Find which jurisdictions overlap with which ZIP codes:

import geopandas as gpd

# Load data
counties = gpd.read_file("data/cache/census/shapefiles/2023/cb_2023_us_county_500k.zip")
zcta = gpd.read_file("data/cache/census/shapefiles/2023/cb_2023_us_zcta520_500k.zip")

# Spatial join (find which county each ZCTA is in)
zcta_counties = gpd.sjoin(
zcta[['ZCTA5CE20', 'geometry']],
counties[['GEOID', 'NAME', 'geometry']],
how='left',
predicate='intersects'
)

# Save mapping
zcta_counties.to_parquet("data/gold/zcta_to_county_mapping.parquet")

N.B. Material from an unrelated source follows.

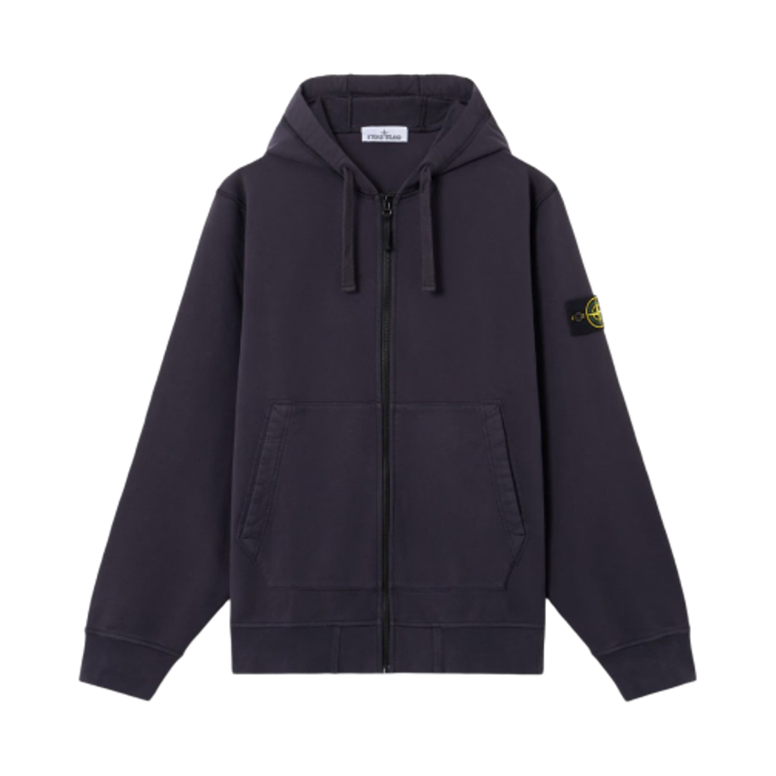 스톤 아일랜드 61620 브러쉬드 코튼 플리스 가먼트 다이드 풀 지퍼 후드 스웨트셔츠 블랙 - 23FW

Use Cases in Open Navigator

1. Policy Heatmap Enhancement

  • Add actual geographic boundaries to policy heatmap
  • Show exact county/state shapes instead of markers
  • Enable click-to-zoom on boundary
  • "Find all nonprofits in ZIP code 35401"
  • "Show meetings within 50 miles of this location"
  • Point-in-polygon lookups for jurisdiction detection

3. Service Area Visualization

  • Display coverage areas for advocacy organizations
  • Show legislative district boundaries
  • Map nonprofit service regions

4. Data Validation

  • Verify jurisdiction names against official boundaries
  • Detect geocoding errors (city in wrong state)
  • Fill missing location data using boundaries

File Size Considerations

Full Downloads:

  • States: ~3 MB
  • Counties: ~15 MB
  • ZCTAs: ~350 MB
  • Total: ~368 MB

Recommendations:

  • Store in data/cache/ (excluded from git)
  • Convert to GeoParquet for 50-70% size reduction
  • Simplify geometries for web display
  • Consider only downloading needed regions (e.g., priority states)

License & Attribution

License: Public Domain (U.S. Government Work)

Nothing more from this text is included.